Start of Block

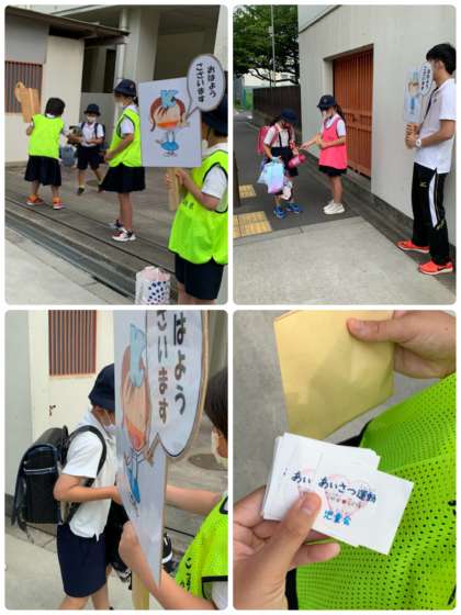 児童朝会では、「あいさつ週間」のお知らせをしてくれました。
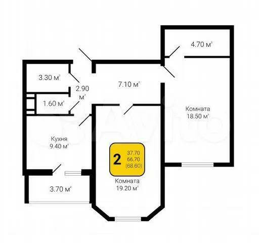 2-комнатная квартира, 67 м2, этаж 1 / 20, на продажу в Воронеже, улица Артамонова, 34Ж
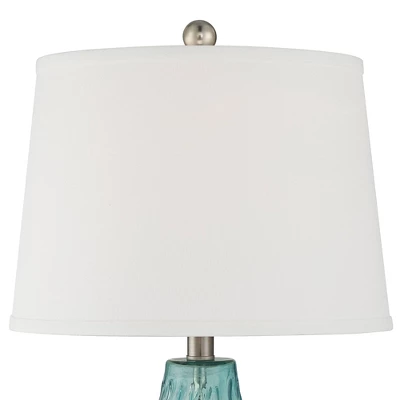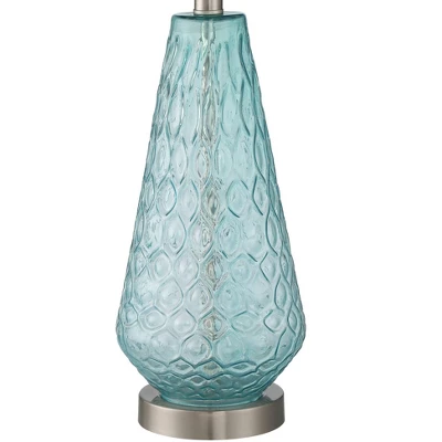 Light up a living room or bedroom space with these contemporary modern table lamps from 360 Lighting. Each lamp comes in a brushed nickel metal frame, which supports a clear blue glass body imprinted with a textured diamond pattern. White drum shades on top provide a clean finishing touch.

End of Block

■ **EXERCISE DIRECTIONS**: Set the lines above down again, word for word, from the first through the one containing "2-комнатная квартира, 67"; pictures excluded.

■ **ANSWER**:
 児童朝会では、「あいさつ週間」のお知らせをしてくれました。
 2-комнатная квартира, 67 м2, этаж 1 / 20, на продажу в Воронеже, улица Артамонова, 34Ж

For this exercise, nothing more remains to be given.